Pkzip, sempre in modalità normale, ha surclassato tutti i rivali. Il software, ideato inizialmente dal creatore dell’algoritmo ZIP, dimostra di avere potenzialità e funzionalità ben superiori a quelle delle alternative scaricabili dalla Rete, probabilmente perché gli sviluppatori hanno possibilità di ottimizzare in modo sostanziale il sistema di compressione.
Pkzip in modalità normale ha impiegato poco più di nove secondi per produrre un file di 16,8 megabyte, esattamente la stessa dimensione dell’archivio di Pentazip impostato con i massimi livelli di compressione (utilizzando tabelle a 64 bit), ma con tempi di risposta cinque volte più alti.
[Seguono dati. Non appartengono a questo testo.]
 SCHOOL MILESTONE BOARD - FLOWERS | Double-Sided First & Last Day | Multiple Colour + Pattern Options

La spiegazione di questo comportamento potrebbe essere nell’estrema efficienza del codice implementato in Pkzip, mentre gli altri lavorano su una versione tradizionale della procedura e apportano modifiche sviluppate in modo indipendente dai produttori dei software di compressione. Questa situazione si riflette anche se si imposta il livello massimo di archiviazione in Winrar e Winzip, che non riescono a scendere sotto i 23 megabyte con tempi di risposta superiori ai cinquanta secondi.
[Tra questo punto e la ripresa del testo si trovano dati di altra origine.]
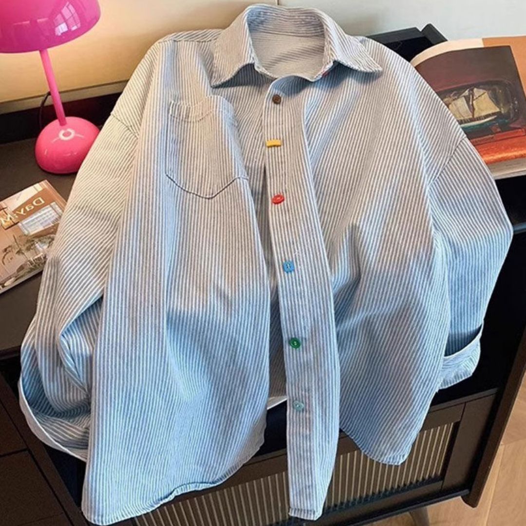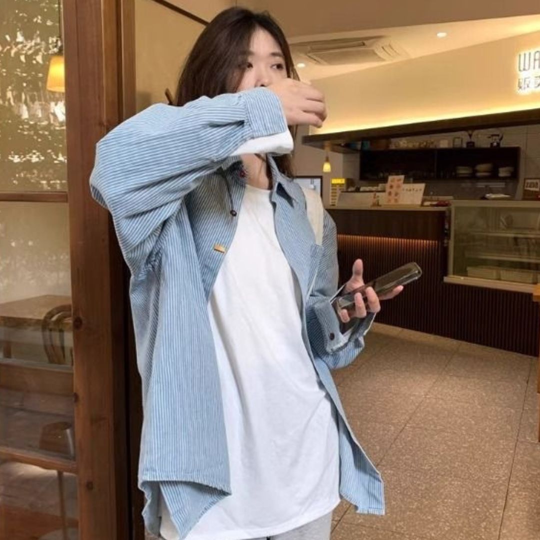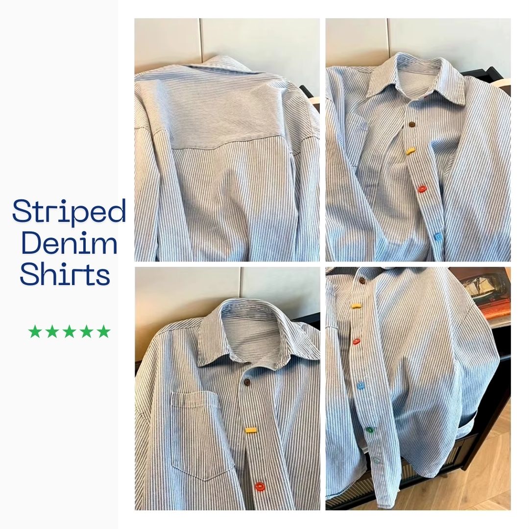 - ➖條紋圖案:條紋為傳統牛仔襯衫設計增添了獨特而時尚的感覺。

Un po’ troppo se si pensa che durante i test l’operazione è avvenuta in condizioni ottimali, con un PC dotato di configurazione piuttosto potente. Provando a cercare una spiegazione che aggreghi queste informazioni in modo significativo, il motivo per cui i software si comportano in modo differente è da imputare proprio al criterio su cui si basano per comprimere un file: la ridondanza delle informazioni. Partendo da un’unica procedura (ZIP) per comprimere e decomprimere i file, ciascun produttore ha utilizzato tabelle differenti per aggregare i dati e ottenere un migliore risultato finale.
A dimostrazione, si prenda Pentazip: con il metodo normale produce un file di oltre 25 megabyte, ma allo stesso livello di compressione, con una precisione a 64 bit, l’archivio finale diventa di poco più di 18 megabyte e impiega circa dieci secondi in meno per completare l’operazione.